> [WHAT THE TASK ASKS]:
Write out the data word for word, taking care that no picture is carried over.

> [DATA SECTION]:
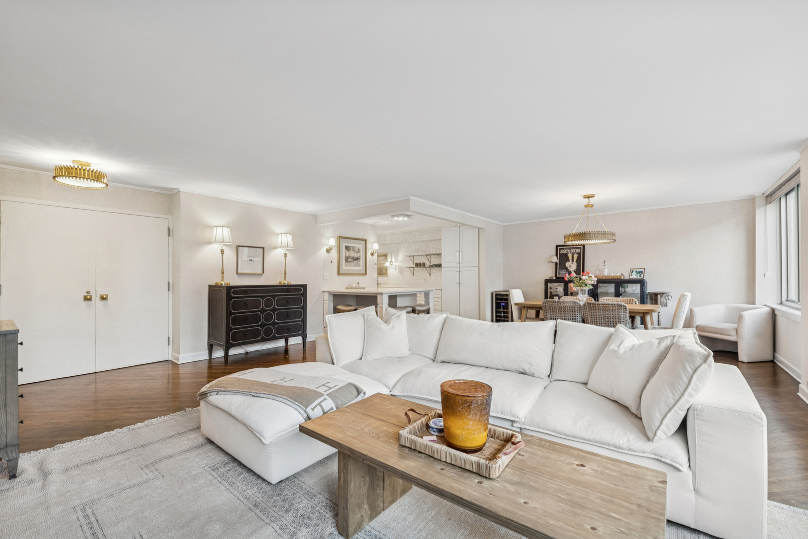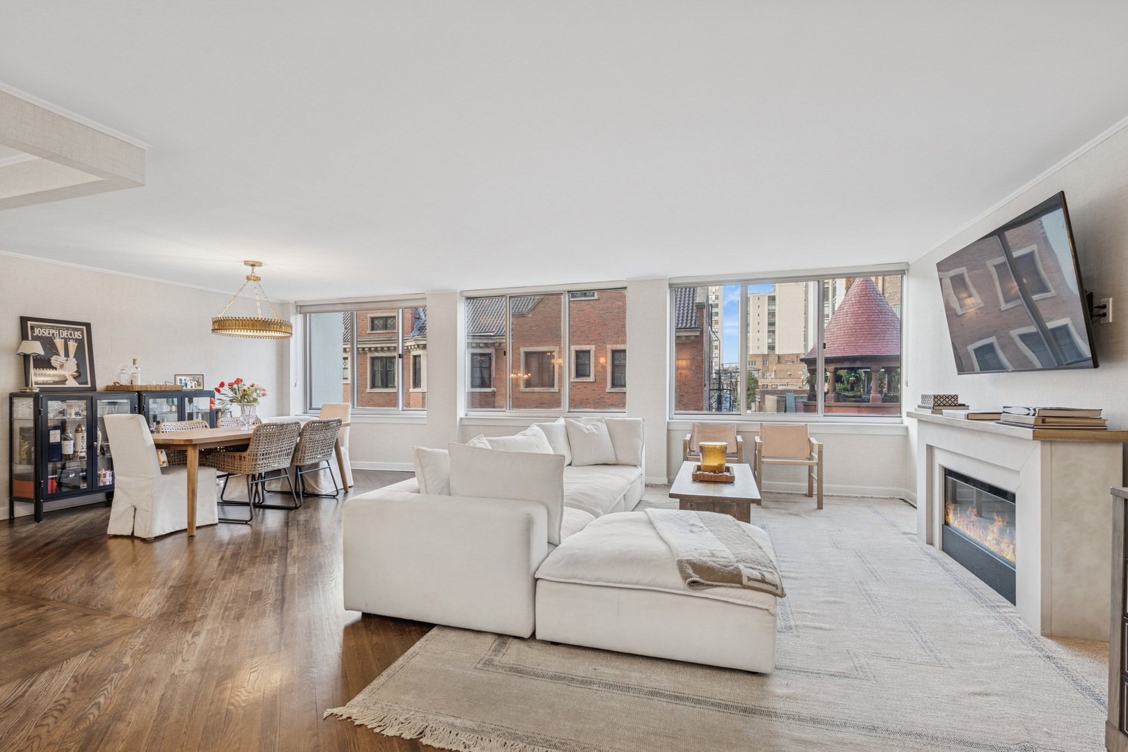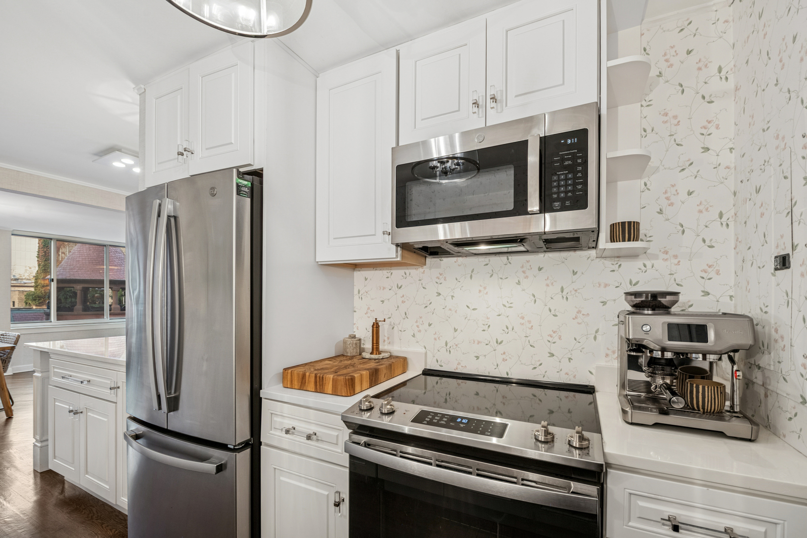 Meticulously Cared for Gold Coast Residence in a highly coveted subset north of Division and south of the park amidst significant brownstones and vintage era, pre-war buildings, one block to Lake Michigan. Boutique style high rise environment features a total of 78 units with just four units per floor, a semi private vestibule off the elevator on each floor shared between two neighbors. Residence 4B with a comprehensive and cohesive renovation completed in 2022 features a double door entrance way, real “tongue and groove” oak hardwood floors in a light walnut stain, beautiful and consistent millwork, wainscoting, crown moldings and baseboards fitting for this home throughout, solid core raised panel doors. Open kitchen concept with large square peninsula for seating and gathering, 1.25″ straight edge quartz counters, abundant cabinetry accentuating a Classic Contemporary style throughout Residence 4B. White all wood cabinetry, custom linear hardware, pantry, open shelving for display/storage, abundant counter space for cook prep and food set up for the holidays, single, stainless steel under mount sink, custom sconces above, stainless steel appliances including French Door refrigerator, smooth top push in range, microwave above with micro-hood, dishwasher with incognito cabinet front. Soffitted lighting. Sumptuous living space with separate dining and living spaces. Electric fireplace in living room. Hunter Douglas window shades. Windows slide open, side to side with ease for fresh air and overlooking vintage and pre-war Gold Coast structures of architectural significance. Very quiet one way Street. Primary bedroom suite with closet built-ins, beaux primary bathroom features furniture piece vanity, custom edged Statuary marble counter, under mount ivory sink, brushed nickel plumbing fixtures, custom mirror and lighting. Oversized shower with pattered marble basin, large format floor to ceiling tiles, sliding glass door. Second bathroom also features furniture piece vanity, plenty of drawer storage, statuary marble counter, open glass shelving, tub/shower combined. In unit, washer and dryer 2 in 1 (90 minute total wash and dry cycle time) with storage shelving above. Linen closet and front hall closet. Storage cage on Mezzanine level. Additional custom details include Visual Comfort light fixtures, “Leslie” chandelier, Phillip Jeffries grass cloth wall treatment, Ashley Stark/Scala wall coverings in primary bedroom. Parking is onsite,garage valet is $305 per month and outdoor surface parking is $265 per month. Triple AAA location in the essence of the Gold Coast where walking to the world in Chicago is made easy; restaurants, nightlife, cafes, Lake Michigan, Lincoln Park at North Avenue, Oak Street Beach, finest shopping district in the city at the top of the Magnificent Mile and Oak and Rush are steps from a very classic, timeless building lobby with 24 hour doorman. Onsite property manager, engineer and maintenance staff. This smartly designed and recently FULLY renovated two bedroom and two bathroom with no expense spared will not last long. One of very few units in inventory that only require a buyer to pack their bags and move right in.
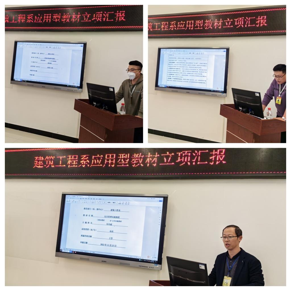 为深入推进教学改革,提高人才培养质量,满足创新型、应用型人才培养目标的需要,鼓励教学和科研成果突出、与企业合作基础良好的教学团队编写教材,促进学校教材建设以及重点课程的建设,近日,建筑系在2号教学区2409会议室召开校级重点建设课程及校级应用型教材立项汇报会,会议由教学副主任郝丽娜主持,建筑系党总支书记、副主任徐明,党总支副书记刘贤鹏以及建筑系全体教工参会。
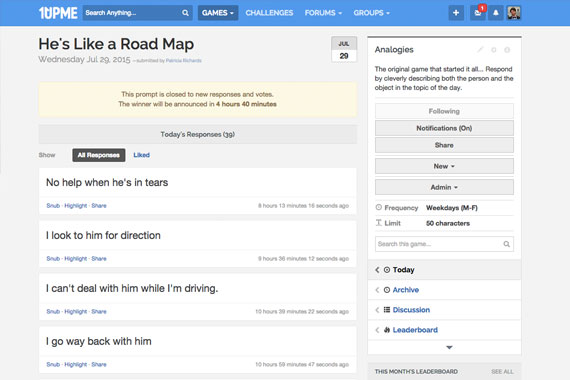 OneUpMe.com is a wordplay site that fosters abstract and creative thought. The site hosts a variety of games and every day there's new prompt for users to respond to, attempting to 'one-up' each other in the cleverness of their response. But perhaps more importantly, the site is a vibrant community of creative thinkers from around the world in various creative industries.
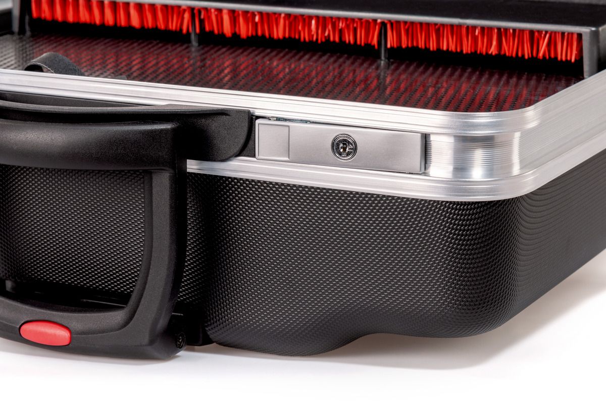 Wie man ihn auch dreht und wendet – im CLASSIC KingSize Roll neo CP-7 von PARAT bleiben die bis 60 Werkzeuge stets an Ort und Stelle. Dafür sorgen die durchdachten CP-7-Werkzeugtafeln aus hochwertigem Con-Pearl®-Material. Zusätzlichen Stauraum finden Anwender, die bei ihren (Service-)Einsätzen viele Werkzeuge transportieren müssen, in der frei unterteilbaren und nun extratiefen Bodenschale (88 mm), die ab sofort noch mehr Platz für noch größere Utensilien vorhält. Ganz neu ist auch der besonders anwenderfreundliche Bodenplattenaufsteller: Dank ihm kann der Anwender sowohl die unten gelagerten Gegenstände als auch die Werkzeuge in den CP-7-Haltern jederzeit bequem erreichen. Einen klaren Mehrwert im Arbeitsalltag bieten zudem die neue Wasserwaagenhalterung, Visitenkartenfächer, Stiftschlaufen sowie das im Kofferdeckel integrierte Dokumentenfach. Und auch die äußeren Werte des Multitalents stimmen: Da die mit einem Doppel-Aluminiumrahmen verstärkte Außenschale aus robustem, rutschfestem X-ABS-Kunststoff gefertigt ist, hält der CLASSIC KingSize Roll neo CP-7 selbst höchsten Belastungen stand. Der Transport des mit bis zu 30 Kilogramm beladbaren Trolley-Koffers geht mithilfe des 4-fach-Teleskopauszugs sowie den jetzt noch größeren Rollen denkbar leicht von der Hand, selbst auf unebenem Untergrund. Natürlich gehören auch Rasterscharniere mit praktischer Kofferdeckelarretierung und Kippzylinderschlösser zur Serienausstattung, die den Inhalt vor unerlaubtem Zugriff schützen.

> [SOLUTION FOR THIS TASK]:
 Meticulously Cared for Gold Coast Residence in a highly coveted subset north of Division and south of the park amidst significant brownstones and vintage era, pre-war buildings, one block to Lake Michigan. Boutique style high rise environment features a total of 78 units with just four units per floor, a semi private vestibule off the elevator on each floor shared between two neighbors. Residence 4B with a comprehensive and cohesive renovation completed in 2022 features a double door entrance way, real “tongue and groove” oak hardwood floors in a light walnut stain, beautiful and consistent millwork, wainscoting, crown moldings and baseboards fitting for this home throughout, solid core raised panel doors. Open kitchen concept with large square peninsula for seating and gathering, 1.25″ straight edge quartz counters, abundant cabinetry accentuating a Classic Contemporary style throughout Residence 4B. White all wood cabinetry, custom linear hardware, pantry, open shelving for display/storage, abundant counter space for cook prep and food set up for the holidays, single, stainless steel under mount sink, custom sconces above, stainless steel appliances including French Door refrigerator, smooth top push in range, microwave above with micro-hood, dishwasher with incognito cabinet front. Soffitted lighting. Sumptuous living space with separate dining and living spaces. Electric fireplace in living room. Hunter Douglas window shades. Windows slide open, side to side with ease for fresh air and overlooking vintage and pre-war Gold Coast structures of architectural significance. Very quiet one way Street. Primary bedroom suite with closet built-ins, beaux primary bathroom features furniture piece vanity, custom edged Statuary marble counter, under mount ivory sink, brushed nickel plumbing fixtures, custom mirror and lighting. Oversized shower with pattered marble basin, large format floor to ceiling tiles, sliding glass door. Second bathroom also features furniture piece vanity, plenty of drawer storage, statuary marble counter, open glass shelving, tub/shower combined. In unit, washer and dryer 2 in 1 (90 minute total wash and dry cycle time) with storage shelving above. Linen closet and front hall closet. Storage cage on Mezzanine level. Additional custom details include Visual Comfort light fixtures, “Leslie” chandelier, Phillip Jeffries grass cloth wall treatment, Ashley Stark/Scala wall coverings in primary bedroom. Parking is onsite,garage valet is $305 per month and outdoor surface parking is $265 per month. Triple AAA location in the essence of the Gold Coast where walking to the world in Chicago is made easy; restaurants, nightlife, cafes, Lake Michigan, Lincoln Park at North Avenue, Oak Street Beach, finest shopping district in the city at the top of the Magnificent Mile and Oak and Rush are steps from a very classic, timeless building lobby with 24 hour doorman. Onsite property manager, engineer and maintenance staff. This smartly designed and recently FULLY renovated two bedroom and two bathroom with no expense spared will not last long. One of very few units in inventory that only require a buyer to pack their bags and move right in.
 为深入推进教学改革,提高人才培养质量,满足创新型、应用型人才培养目标的需要,鼓励教学和科研成果突出、与企业合作基础良好的教学团队编写教材,促进学校教材建设以及重点课程的建设,近日,建筑系在2号教学区2409会议室召开校级重点建设课程及校级应用型教材立项汇报会,会议由教学副主任郝丽娜主持,建筑系党总支书记、副主任徐明,党总支副书记刘贤鹏以及建筑系全体教工参会。
 OneUpMe.com is a wordplay site that fosters abstract and creative thought. The site hosts a variety of games and every day there's new prompt for users to respond to, attempting to 'one-up' each other in the cleverness of their response. But perhaps more importantly, the site is a vibrant community of creative thinkers from around the world in various creative industries.
 Wie man ihn auch dreht und wendet – im CLASSIC KingSize Roll neo CP-7 von PARAT bleiben die bis 60 Werkzeuge stets an Ort und Stelle. Dafür sorgen die durchdachten CP-7-Werkzeugtafeln aus hochwertigem Con-Pearl®-Material. Zusätzlichen Stauraum finden Anwender, die bei ihren (Service-)Einsätzen viele Werkzeuge transportieren müssen, in der frei unterteilbaren und nun extratiefen Bodenschale (88 mm), die ab sofort noch mehr Platz für noch größere Utensilien vorhält. Ganz neu ist auch der besonders anwenderfreundliche Bodenplattenaufsteller: Dank ihm kann der Anwender sowohl die unten gelagerten Gegenstände als auch die Werkzeuge in den CP-7-Haltern jederzeit bequem erreichen. Einen klaren Mehrwert im Arbeitsalltag bieten zudem die neue Wasserwaagenhalterung, Visitenkartenfächer, Stiftschlaufen sowie das im Kofferdeckel integrierte Dokumentenfach. Und auch die äußeren Werte des Multitalents stimmen: Da die mit einem Doppel-Aluminiumrahmen verstärkte Außenschale aus robustem, rutschfestem X-ABS-Kunststoff gefertigt ist, hält der CLASSIC KingSize Roll neo CP-7 selbst höchsten Belastungen stand. Der Transport des mit bis zu 30 Kilogramm beladbaren Trolley-Koffers geht mithilfe des 4-fach-Teleskopauszugs sowie den jetzt noch größeren Rollen denkbar leicht von der Hand, selbst auf unebenem Untergrund. Natürlich gehören auch Rasterscharniere mit praktischer Kofferdeckelarretierung und Kippzylinderschlösser zur Serienausstattung, die den Inhalt vor unerlaubtem Zugriff schützen.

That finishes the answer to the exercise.